Diesen entscheidenden, intimen Moment verschweigt Kamel Daoud meist lieber: „ Ich möchte nicht in der Position eines Märtyrers im Exil sein. Es ist ein intimer Schmerz, er gehört zu mir. » Aber er besteht darauf, wie wichtig es ist, auszusagen, um dem Westen die Realität autoritärer Regime verständlich zu machen: „ Man weiß nie, ob man verhaftet werden könnte. »
Eine kompromisslose Kritik westlicher Wahrnehmungen
Kamel Daoud beobachtet ein anhaltendes Unverständnis des Westens gegenüber der algerischen Realität. Er identifiziert drei große Hindernisse: „ Die sprachliche Voreingenommenheit, weil wir französischsprachig sind und die westlichen Eliten keinen Zugang zu arabischsprachiger Produktion haben. Dann kommt es zu einer Lähmung, sobald wir über Islamismus sprechen, aus Angst, der Islamophobie beschuldigt zu werden. Schließlich ein Fokus auf den Kolonialismus, der interne Probleme verschleiert. »
Das Versagen der arabischen Linken
Für Daoud stecken die fortschrittlichen Kräfte in der arabischen Welt in einer Sackgasse: „ Einen dritten Weg haben wir nicht angeboten. Die Linke wurde durch Diktaturen zerschlagen, war aber auch durch den antikolonialen Diskurs voreingenommen. Wir haben die Schule, die Universitäten und das Verlagswesen aufgegeben. »
Er bedauert die Weigerung, sich mit bestimmten Teilen der Geschichte auseinanderzusetzen: „ In Algerien sagt man: „Sprich nicht über den Bürgerkrieg, sondern über den Unabhängigkeitskrieg.“ Als ob die in den 1990er Jahren Verstorbenen keine Menschen wären. » Diese Erinnerungsselektivität nährt seiner Meinung nach die intellektuelle und politische Stagnation.
Eine friedliche Beziehung zu Marokko
Angesichts der Spannungen zwischen Algerien und Marokko plädiert Daoud für Brüderlichkeit: „ Marokko ist auch Algerien mit einer anderen Flagge. Ich werde in Marokko niemals Krieg führen. » Er erinnert an die historische Solidarität zwischen den beiden Ländern und kritisiert die nationalistische Eskalation.

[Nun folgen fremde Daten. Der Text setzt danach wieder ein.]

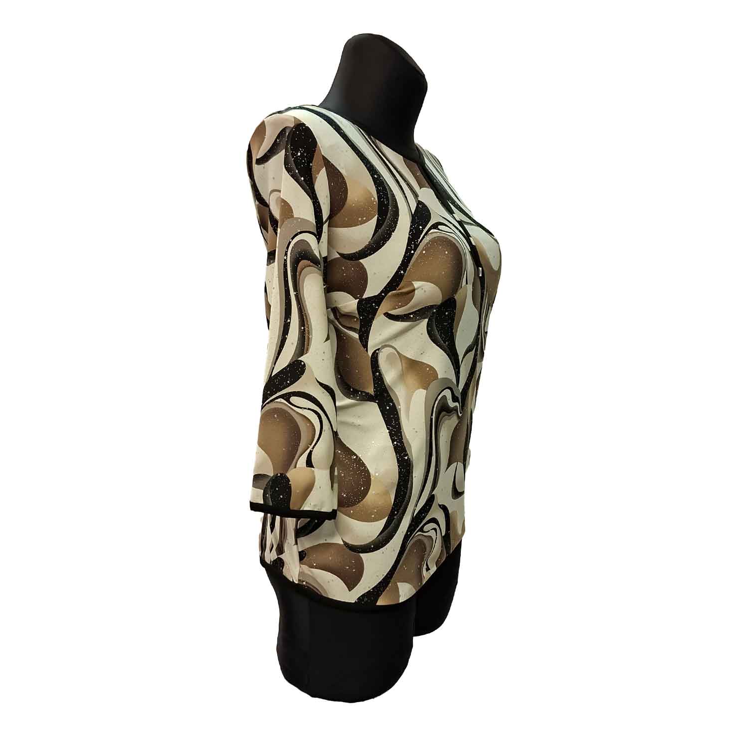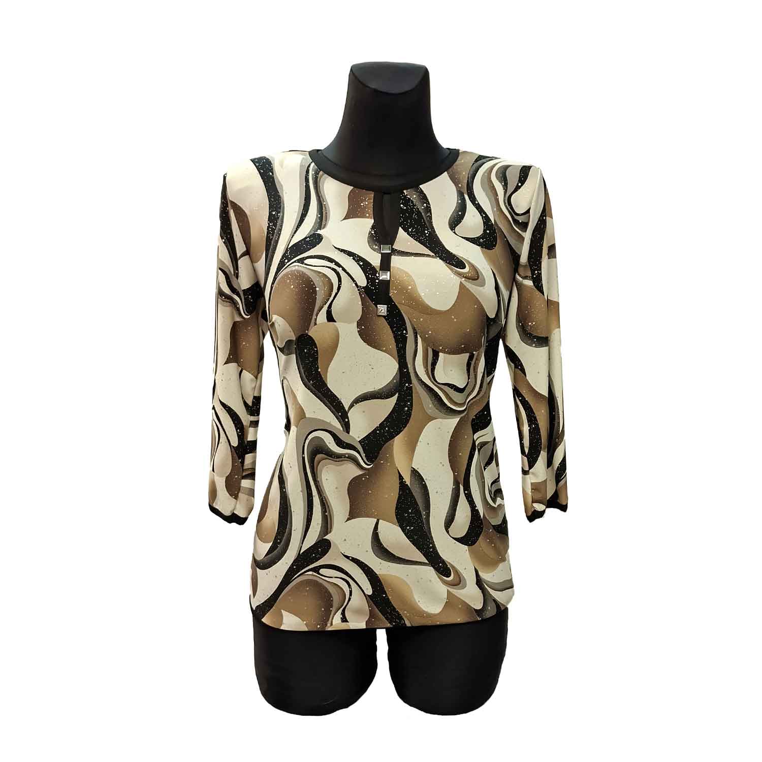 Marginta smėlio–rudos spalvos palaidinė su lengvu blizgesiu ir 3/4 rankovėmis. Išskirtinio abstraktaus rašto palaidinė žemės tonų paletėje suteikia įvaizdžiui gyvumo ir elegancijos. Lengvas, subtiliai blizgantis audinys puikiai tinka tiek kasdienai, tiek proginiam deriniui.
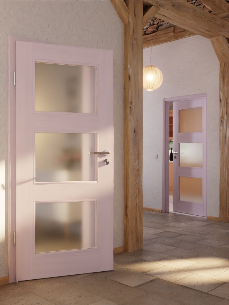 Dzięki klejonemu konstrukcji warstwowemu drzwi z litego drewna osiągają doskonałą stabilność. Lekko fazowane krawędzie podkreślają wysoką jakość wykonania.
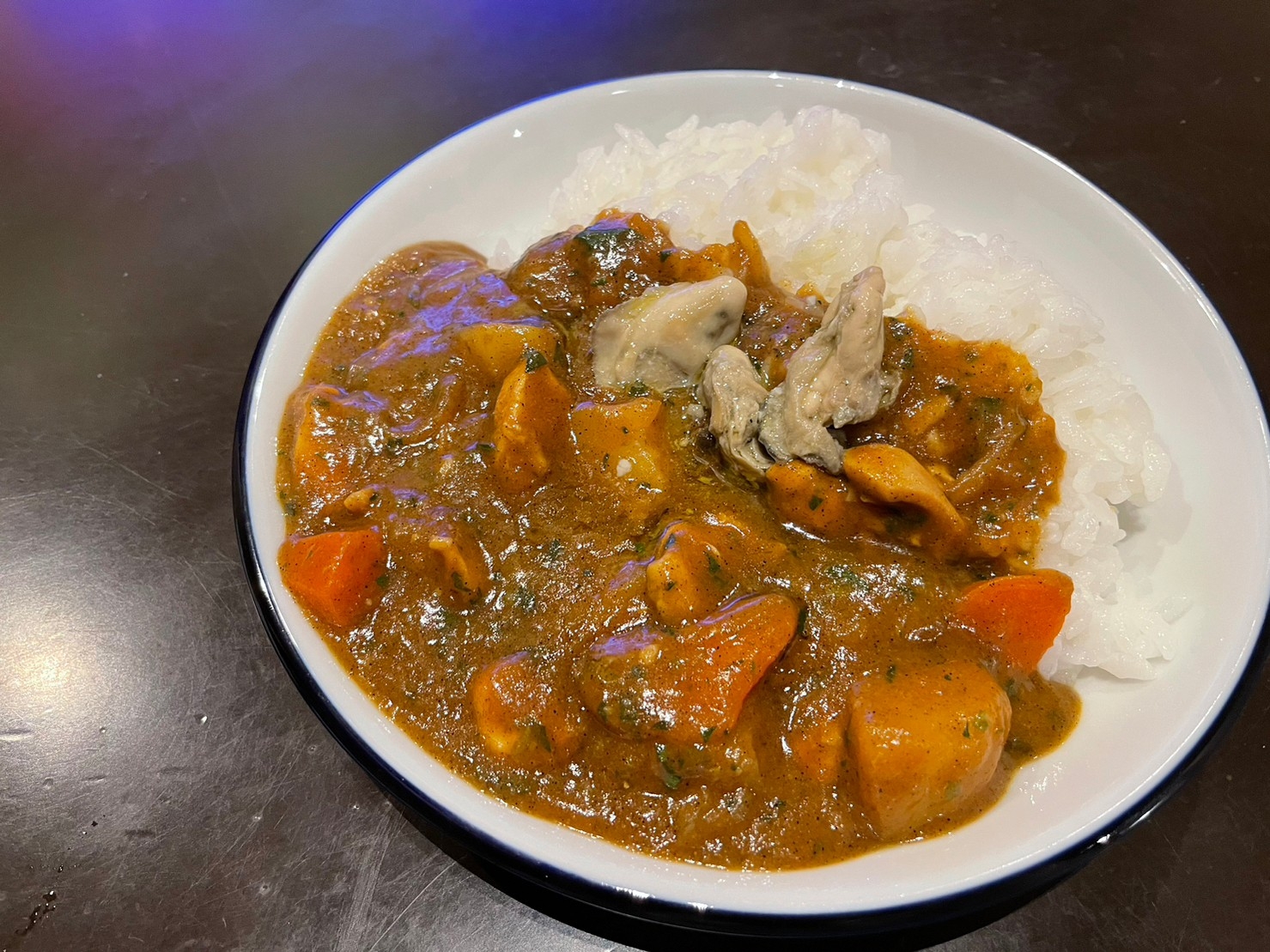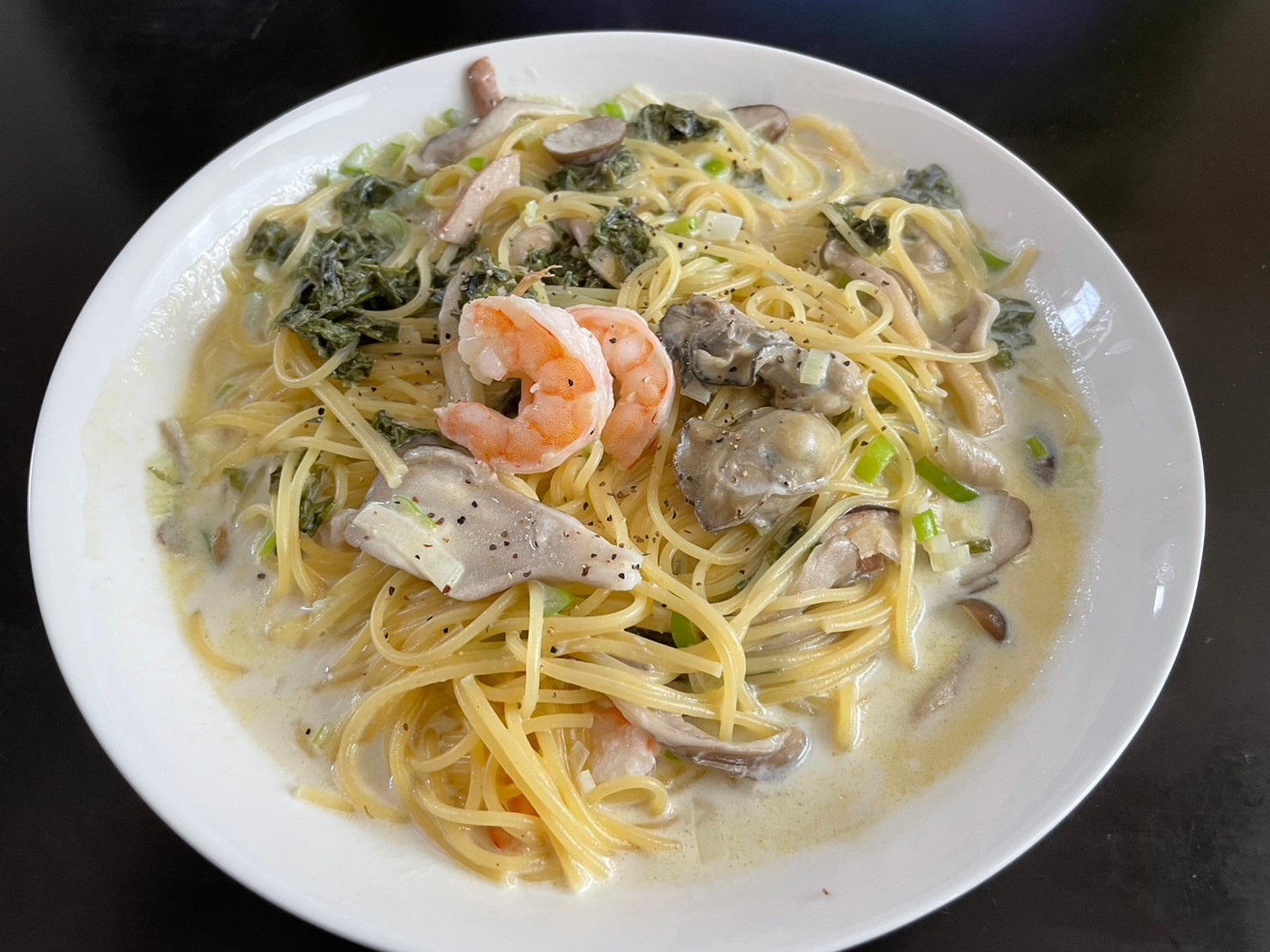 小さめの鍋にオリーブオイルを入れ、ニンニクを入れ、牡蠣をいれる。
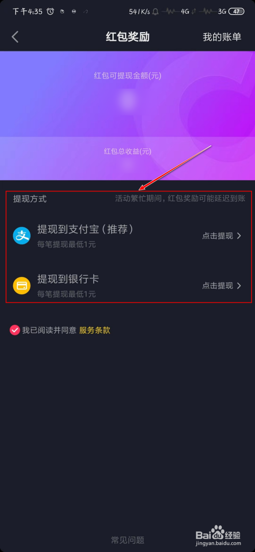 在“红包奖励”中选择“提现体例”点击
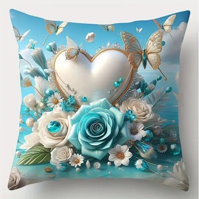 Povlak na polštář se vzorem srdíček s modro-bílými růžemi, dekorativními motýly a perlovými vzory. Moderní styl, jednostranný potisk, zapínání na zip, ruční praní, vyrobeno z polyesteru. Tento povlak na polštář je měkký a útulný, vyrobený z prémiového polyesteru. Je ručně šitý, je ideální doplňkem pro vaši pohovku, postel nebo židli. Jeho versatility ho činí vhodným pro dekoraci různých prostor, jako je vaše pohovka, postel, auto nebo obývací pokoj. Vytvořen z odolných a měkkých materiálů, tyto povlaky jsou příjemné na dotek a jednoduché na údržbu. Vyrobeno z polyesteru příjemný a měkký na omak; žádné vyblednutí nebo roztřepení. Barevně sladěný neviditelný nebo skrytý zip pro elegantní vzhled. Dodává vaší domácí dekoraci teplý a moderní vzhled, vhodný do obývacího pokoje, ložního prádla, pohovky, křesla, ložnice, kanceláře atd. Vybírejte podle variant, nabizíme 4 různé varianty.
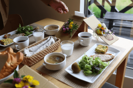 早晨享用民宿以北海道的在地食材,為旅人帶來純淨自然的早餐饗宴。餐點中可以品嘗到當地酪農生產的新鮮牛奶、北海道知名的森彥咖啡,以及四季旬味,讓旅人在舒適的用餐環境中,享受一頓美味的朝食,為一天的旅程注入活力與美好。(※民宿早餐將依四季食材,隨季節變化的無菜單料理。)
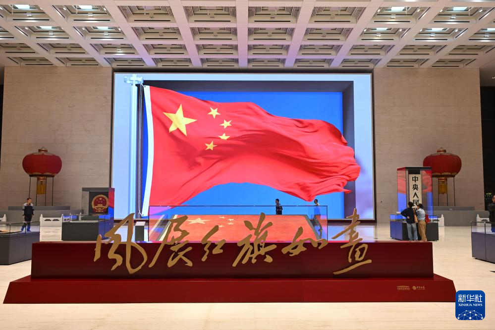 當日,中國國家博物館依托館藏原創策劃的“風展紅旗如畫——館藏紅色經典文物展”在北京開幕。展覽系統展示中國國家博物館館藏革命年代的紅旗、新中國成立后的五星紅旗和黨旗、革命題材經典美術作品等紅色文物60余件,以及100張新時代以國旗為主題的高清照片,并首次輔以裸眼3D動態展示國旗,展現五星紅旗的誕生過程和新時代國旗飄揚在祖國大好河山的壯美場景。

Schreiben Sie, um zu überleben
Schreiben ist für Kamel Daoud eine Form absoluter Freiheit: „ Es ist eine Therapie, der einzige Ort, an dem ich mich lebendig, frei und unabhängig fühle. » Während er bestätigt, dass er bereits an seinem nächsten Roman schreibt, weigert er sich, sein Leben von Unterdrückungen bestimmen zu lassen: „ Du solltest deinen Feind niemals zum Mittelpunkt deines Lebens machen. Das Ziel ist Glück, Erfolg, ein lebendiger Mensch zu sein. »
Er ist seiner Tonfreiheit entschieden verpflichtet und kommt zu dem eindringlichen Schluss: „ Ich werde über Algerien schreiben, wie ich denke, über Frankreich, wie ich denke. Algerien gehört mir, niemand kann es privatisieren. »
Mit seinen Worten bietet Kamel Daoud eine Lektion in Sachen Mut und Belastbarkeit. Sein Zeugnis wirkt wie ein Aufruf, sich mit Tabus auseinanderzusetzen, Komplexität anzunehmen und neue Wege für Dialog und Schöpfung zu finden. Er sollte an diesem Mittwochnachmittag bei Gallimard während einer Pressekonferenz zur Boualem-Sansal-Affäre anwesend sein.